The Mudcat Café TM
Thread #39035   Message #1023007
Posted By: Malcolm Douglas
22-Sep-03 - 10:04 AM
Thread Name: Lyr Add: Recruited Collier
Subject: RE: Lyr Add: Recruited Collier
The songs Vaughan Williams noted from Mr Carruthers (who Roy Plamer identifies as "probably John Carruthers of Wigtown") were Bleckel Murry Neet, King Roger, Barberry Bell, A Wife of Willy Miller, Rossler Fair, Geordie Gair, and Rob Lowry. Anderson's verses were all set to existing tunes. Bleckel Murry Neet, Geordie Gair (Gill), and King Roger are printed in Roy Palmer, Bushes and Briars: Folk Songs Collected by Ralph Vaughan Williams (Llanerch, 1999, 14-19). A further song, The Codbeck Wedding, is printed (selected verses) in Keith Gregson's article Lakeland Step-Dancing and the Cumberland Bard (English Dance and Song, vol.42 no.3, 1980), along with other dance-related extracts from Andersons's works. Gregson also prints a number of Andersons's songs in his Cumbrian Songs and Ballads (Dalesman, 1980).

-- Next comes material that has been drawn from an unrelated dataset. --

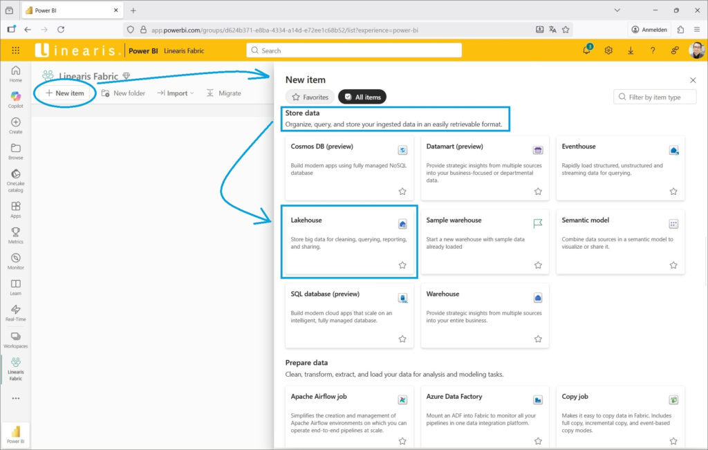 Das Lakehouse wird ganz einfach über den Button New Item in der Rubrik Store Data ausgewählt: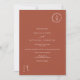 Klassisches, elegantes und weiches, blumenmonogramm Terrakotta gebranntes orangefarbenes Hochzeitsbogen-Foto mit kleinen, geblüht, blumengeschmückten Konturen, fügen Sie Ihre beiden Monogramm, mit boho terracotta beige, eine klassische Hochzeitseinladung mit einer modernen Drehung, fügen Sie Ihr Foto auf der Rückseite in Bogenform.

There is a longer piece by Gregson, The Cumberland Bard: an Anniversary Reflection in The Folk Music Journal 4 (4) 1983, 333-365. Included are texts for The Bleckel Murry-Neet (plus tune), Barbary Bell (plus a broadside text and one noted from an oral source; with two tunes), The Whorton Wedding (plus tune), Sally Grey (plus a text noted from an oral source; with two tunes), Geordie Gill (with two tunes), Jenny's Complaint, and Rob Lowrie (with tune). The tune prescribed by Anderson for Jenny's Complaint (Nancy's to the Greenwood gane) is not given, and I haven't found it yet; it may be at Bruce Olson's site, as it was used in Allan Ramsay's ballad opera The Gentle Shepherd (1725).

Gregson alludes to correspondence with Bert Lloyd about Jenny's Complaint (op. cit., 338-9):

"Unfortunately, The Recruited Collier is a mystery. From correspondence with A. L. Lloyd it appears that somewhere in a west Cumbrian library there is a manuscript which holds the secret. If that manuscript is merely Anderson's original song, the reworking is probably recent. If the manuscript contains the words of The Recruited Collier then the mystery deepens. This, of course, would be the text which Lloyd received from Jim Huxtable of Workington and which inspired him to compose one of the great tunes of the Folk Song Revival."

Incidentally, Barbary Bell appeared on 19th century broadsides, with the story moved from Cumbria to Yorkshire and various other changes (including a chorus). A tune appearing in MS tunebooks of the period as Barbary Bell is a form of St Patrick's Day in the Morning; Anderson prescribed Cuddle and cuddle us awe thegither; at the moment I don't know if that's the same tune or not.